• [ABOUT THIS TASK]
Give back, word for word, the lines in the listing below from the one holding "Outdoor Rabbit Hutch 4 Doors Red Wood" down to the one holding "As soon as Aava", both ends included.

• [INPUT MATERIAL]
++++++

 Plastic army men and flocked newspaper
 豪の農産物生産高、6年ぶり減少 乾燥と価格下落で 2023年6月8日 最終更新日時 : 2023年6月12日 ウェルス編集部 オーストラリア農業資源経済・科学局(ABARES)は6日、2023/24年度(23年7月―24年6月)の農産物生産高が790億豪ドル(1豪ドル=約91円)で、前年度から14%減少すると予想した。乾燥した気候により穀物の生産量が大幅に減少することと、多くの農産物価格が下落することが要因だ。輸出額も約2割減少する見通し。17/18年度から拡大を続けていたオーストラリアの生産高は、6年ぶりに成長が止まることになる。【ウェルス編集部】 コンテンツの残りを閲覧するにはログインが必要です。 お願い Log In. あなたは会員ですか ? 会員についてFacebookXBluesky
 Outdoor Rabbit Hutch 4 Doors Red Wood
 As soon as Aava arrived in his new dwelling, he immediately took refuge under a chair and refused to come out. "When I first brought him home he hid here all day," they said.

++++++

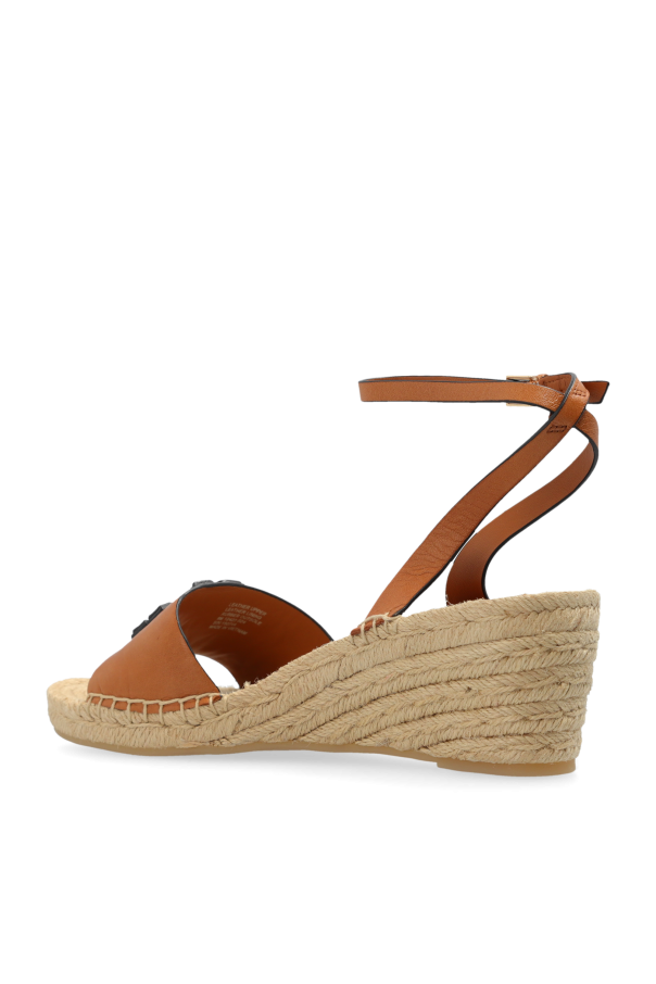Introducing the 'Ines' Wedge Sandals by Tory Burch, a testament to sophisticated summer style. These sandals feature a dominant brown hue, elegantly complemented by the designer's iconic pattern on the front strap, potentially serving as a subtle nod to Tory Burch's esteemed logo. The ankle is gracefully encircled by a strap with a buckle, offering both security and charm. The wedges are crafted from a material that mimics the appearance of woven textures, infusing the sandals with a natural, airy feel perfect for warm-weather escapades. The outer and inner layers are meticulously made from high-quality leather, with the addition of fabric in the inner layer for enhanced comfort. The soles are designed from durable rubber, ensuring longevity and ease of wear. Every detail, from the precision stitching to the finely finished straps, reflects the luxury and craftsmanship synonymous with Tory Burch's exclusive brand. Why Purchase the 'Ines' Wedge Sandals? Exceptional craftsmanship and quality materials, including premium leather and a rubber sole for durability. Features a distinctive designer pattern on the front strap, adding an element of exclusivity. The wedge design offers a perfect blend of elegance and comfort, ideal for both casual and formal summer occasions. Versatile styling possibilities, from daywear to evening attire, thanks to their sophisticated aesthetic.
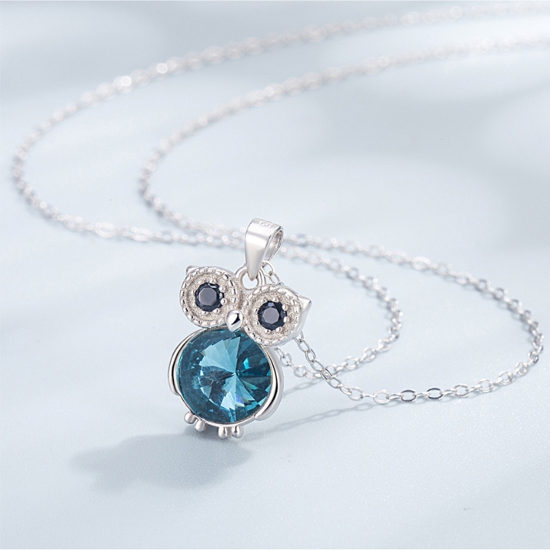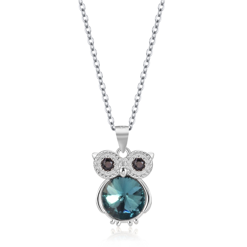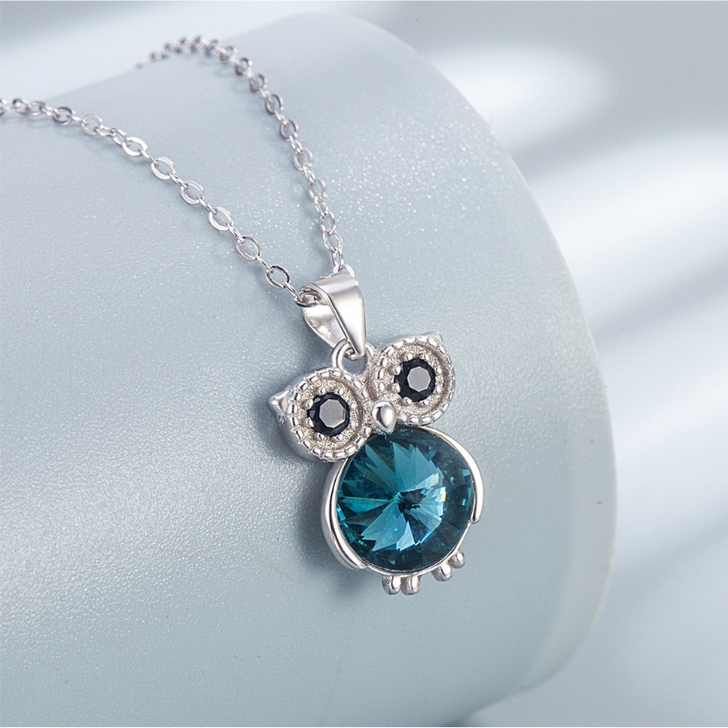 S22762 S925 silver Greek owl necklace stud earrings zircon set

++++++

• [RESULT OF THIS EXERCISE]
 Outdoor Rabbit Hutch 4 Doors Red Wood
 As soon as Aava arrived in his new dwelling, he immediately took refuge under a chair and refused to come out. "When I first brought him home he hid here all day," they said.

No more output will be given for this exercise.